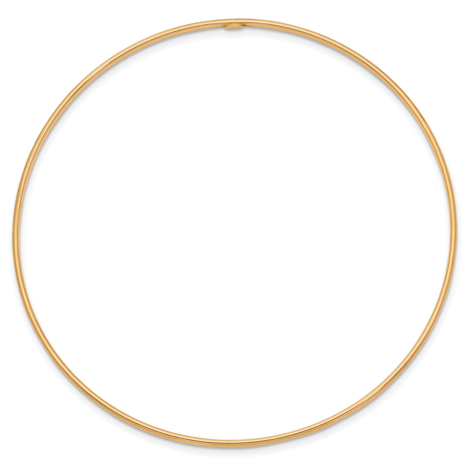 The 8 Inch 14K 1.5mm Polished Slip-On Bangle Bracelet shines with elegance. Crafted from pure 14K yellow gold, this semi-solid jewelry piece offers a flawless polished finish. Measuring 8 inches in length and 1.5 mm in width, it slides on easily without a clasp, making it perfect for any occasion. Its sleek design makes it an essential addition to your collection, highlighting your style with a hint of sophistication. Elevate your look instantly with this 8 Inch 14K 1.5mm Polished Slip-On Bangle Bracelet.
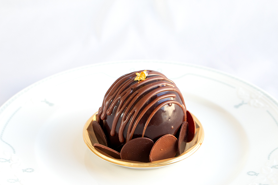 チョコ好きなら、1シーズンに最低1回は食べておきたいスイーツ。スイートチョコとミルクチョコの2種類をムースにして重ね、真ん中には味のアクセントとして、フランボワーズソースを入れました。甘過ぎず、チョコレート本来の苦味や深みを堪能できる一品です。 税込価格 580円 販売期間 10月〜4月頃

■ ■ ■ ■ ■

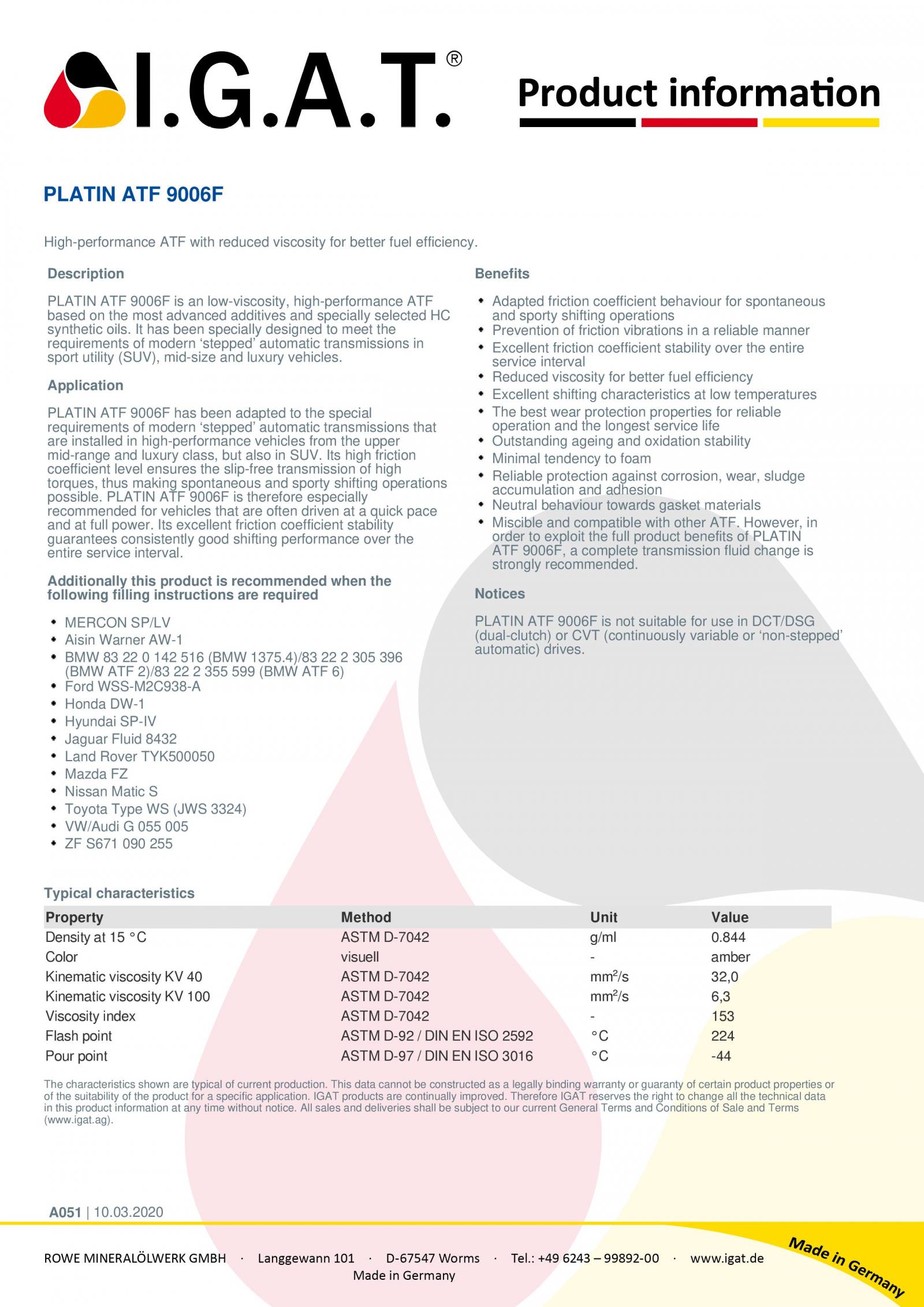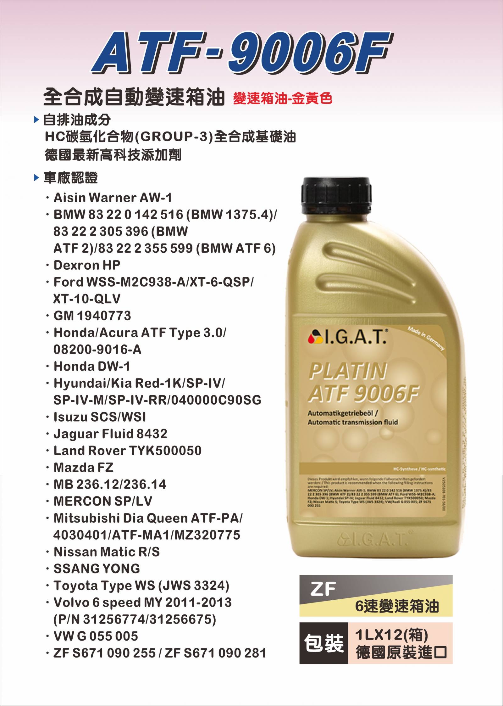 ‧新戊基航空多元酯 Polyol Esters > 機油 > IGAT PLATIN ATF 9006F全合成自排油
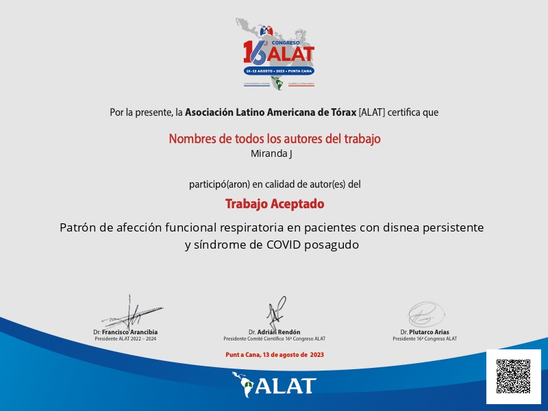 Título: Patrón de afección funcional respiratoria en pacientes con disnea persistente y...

■ ■ ■ ■ ■

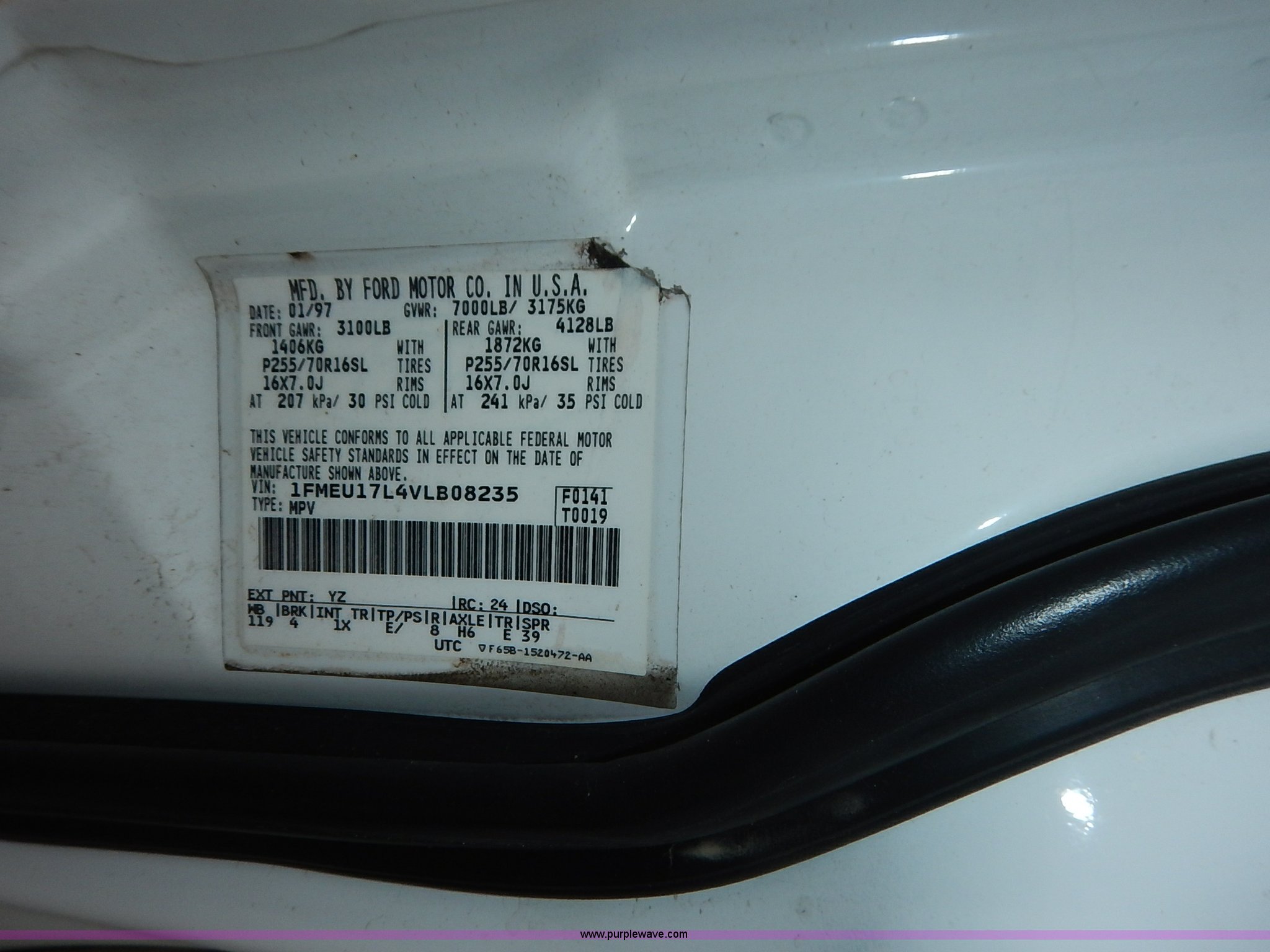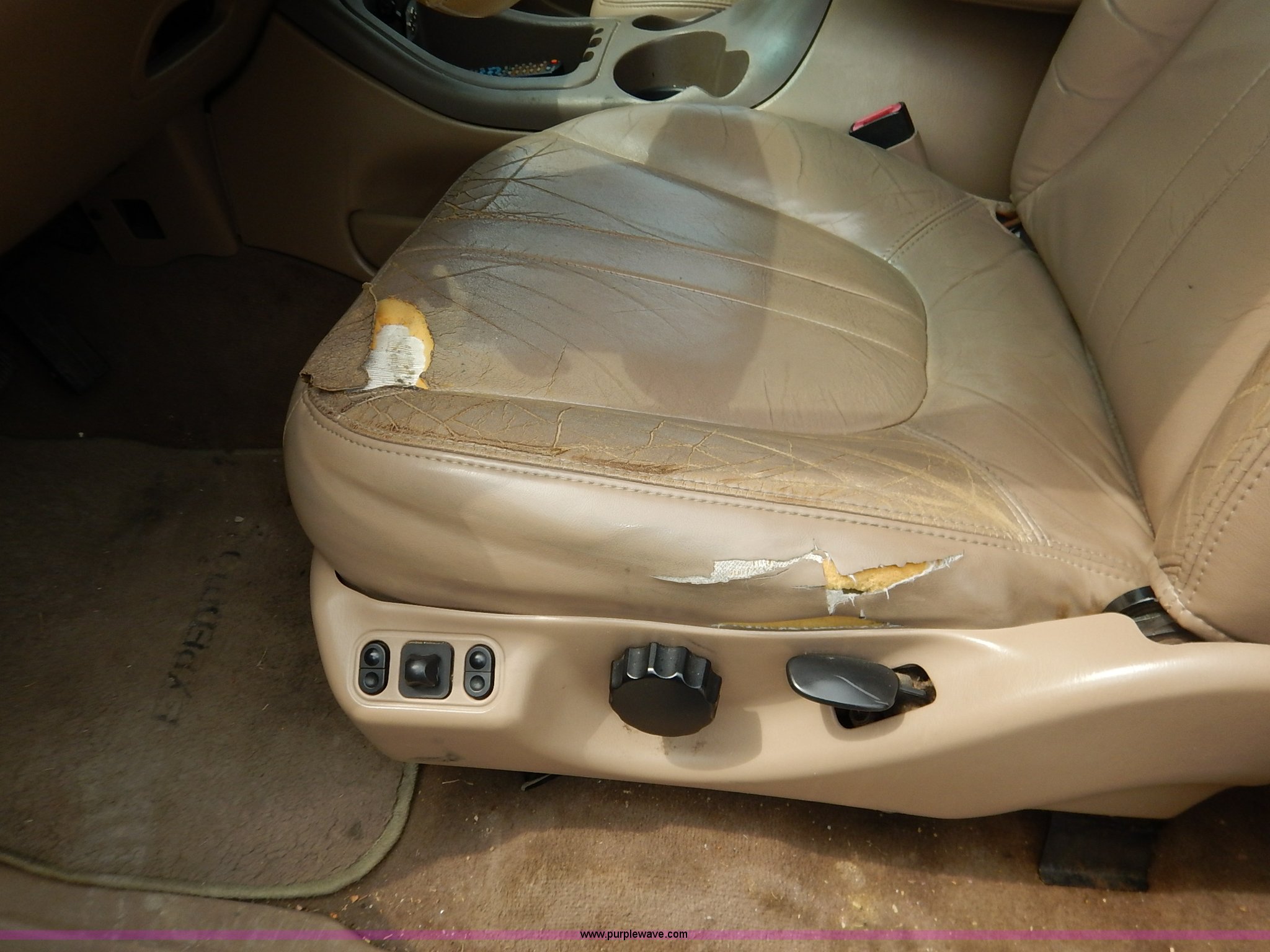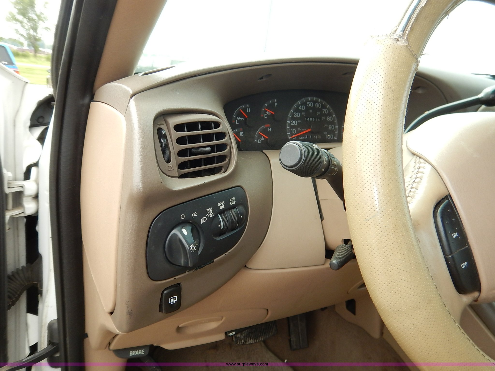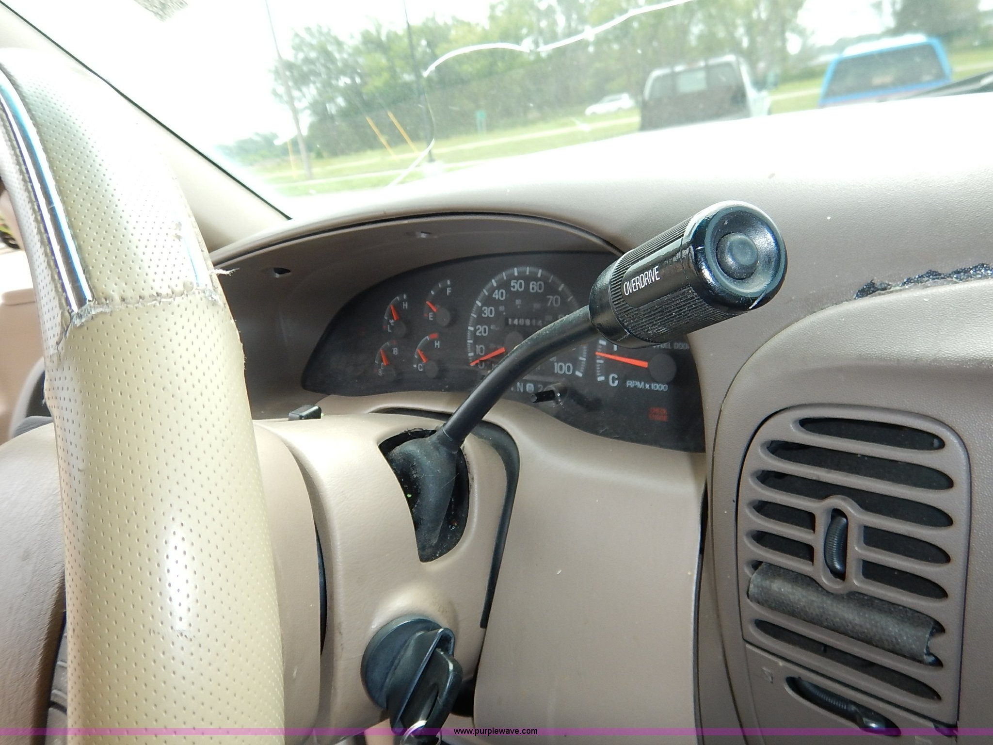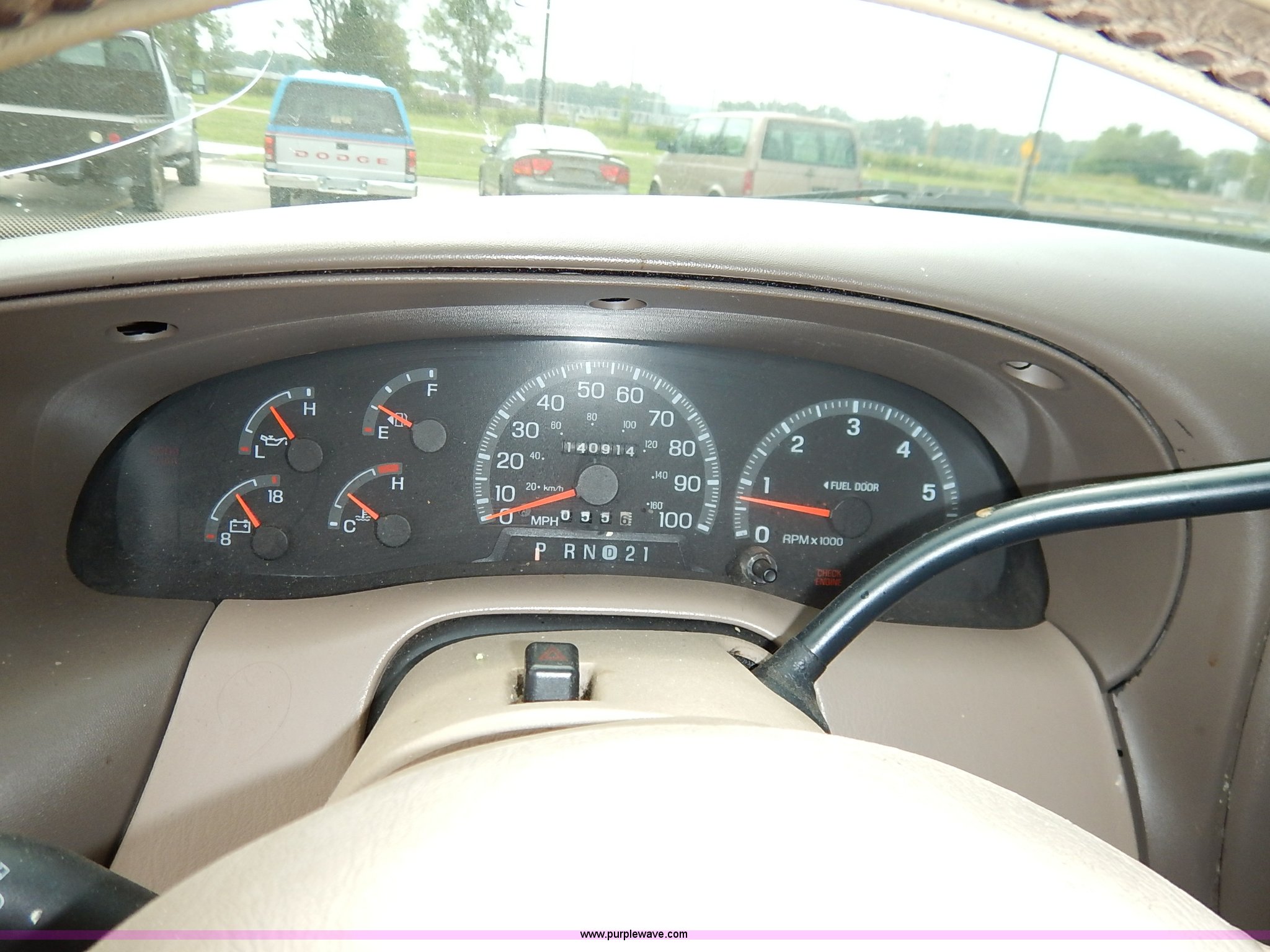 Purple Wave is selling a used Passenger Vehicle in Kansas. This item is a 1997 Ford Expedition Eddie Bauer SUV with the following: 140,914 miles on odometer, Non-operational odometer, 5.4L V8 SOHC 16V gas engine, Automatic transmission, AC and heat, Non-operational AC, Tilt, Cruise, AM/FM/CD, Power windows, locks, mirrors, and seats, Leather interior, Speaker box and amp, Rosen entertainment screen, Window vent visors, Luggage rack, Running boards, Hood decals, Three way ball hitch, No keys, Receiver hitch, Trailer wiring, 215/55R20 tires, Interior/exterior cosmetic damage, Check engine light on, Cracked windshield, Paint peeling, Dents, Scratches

■ ■ ■ ■ ■

(DIRECTIONS FOR THIS TASK)
In the listing above, find the line with "The 8 Inch 14K" and the line with "580円 販売期間 10月〜4月頃". Copy both of them and every line between, exactly, but not the pictures.

(EXERCISE RESPONSE)
 The 8 Inch 14K 1.5mm Polished Slip-On Bangle Bracelet shines with elegance. Crafted from pure 14K yellow gold, this semi-solid jewelry piece offers a flawless polished finish. Measuring 8 inches in length and 1.5 mm in width, it slides on easily without a clasp, making it perfect for any occasion. Its sleek design makes it an essential addition to your collection, highlighting your style with a hint of sophistication. Elevate your look instantly with this 8 Inch 14K 1.5mm Polished Slip-On Bangle Bracelet.
 チョコ好きなら、1シーズンに最低1回は食べておきたいスイーツ。スイートチョコとミルクチョコの2種類をムースにして重ね、真ん中には味のアクセントとして、フランボワーズソースを入れました。甘過ぎず、チョコレート本来の苦味や深みを堪能できる一品です。 税込価格 580円 販売期間 10月〜4月頃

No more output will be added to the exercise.